During the First Partition of Poland, the town was annexed by the Kingdom of Prussia in 1772. In 1772, the town had 510 inhabitants and 83 timbered buildings. Agriculture was common in the area along with crafting. In 1789, the population reached 802 of which 41 families were craftsmen. During the Napoleonic Wars it was part of the Polish Duchy of Warsaw from 1807 to 1815, but was reannexed by Prussia afterwards. In the beginning of the 20th century, the town had breweries, sawmills, iron mill, engine works and dairy products. In 1920, the area was reintegrated with Poland after it regained independence.

Following the German-Soviet invasion of Poland, which started World War II in September 1939, Lidzbark was occupied by Germany until 1945. Three Polish policemen from Lidzbark were murdered by the Russians in the Katyn massacre in 1940. 70% of the town was destroyed during the war. In 1945, the town was restored to Poland, although with a Soviet-installed communist regime, which stayed in power until the 1980s.
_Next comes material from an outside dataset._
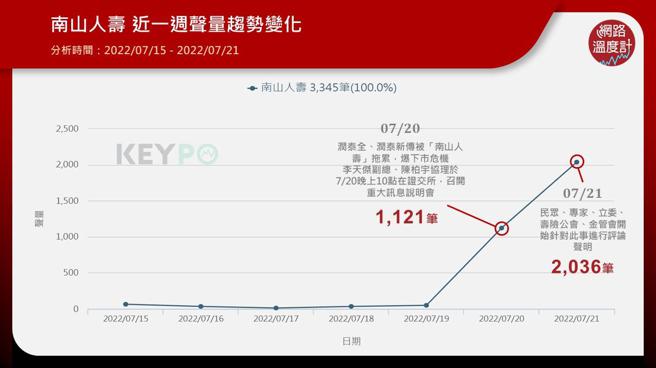 进一步透过《KEYPO大数据关键引擎》舆情分析系统观察「南山人寿」(时间:2022/07/15 - 2022/07/21)近一周网路声量,共有3,345笔,可以看到7月20日媒体开始报导润泰全(2915)、润泰新(9944)爆出下市危机,网路上就开始有讨论,到隔天7月21日讨论度也不减,不管是政治人物、财经专家或者是金管会、寿险公会都开始针对说明会、润泰官方说法进行评论声明。

In the following years, the Polish anti-communist resistance was active in Lidzbark, including the nationwide Home Army Resistance Movement and the local Polish Catholic Youth Organization.

==Sports==
The local football team is Wel Lidzbark, which competes in the lower leagues.

==Twinnings==
- Oebisfelde, Germany
- Co op municipality: Guttau, Germany
- Sovetsk, Kaliningrad Oblast, Russia

==Notable people==
- Roman Antoszewski (1935–2017), plant physiologist
- David Orbansky (1843–1897), Union Army soldier in the American Civil War, Medal of Honor awardee.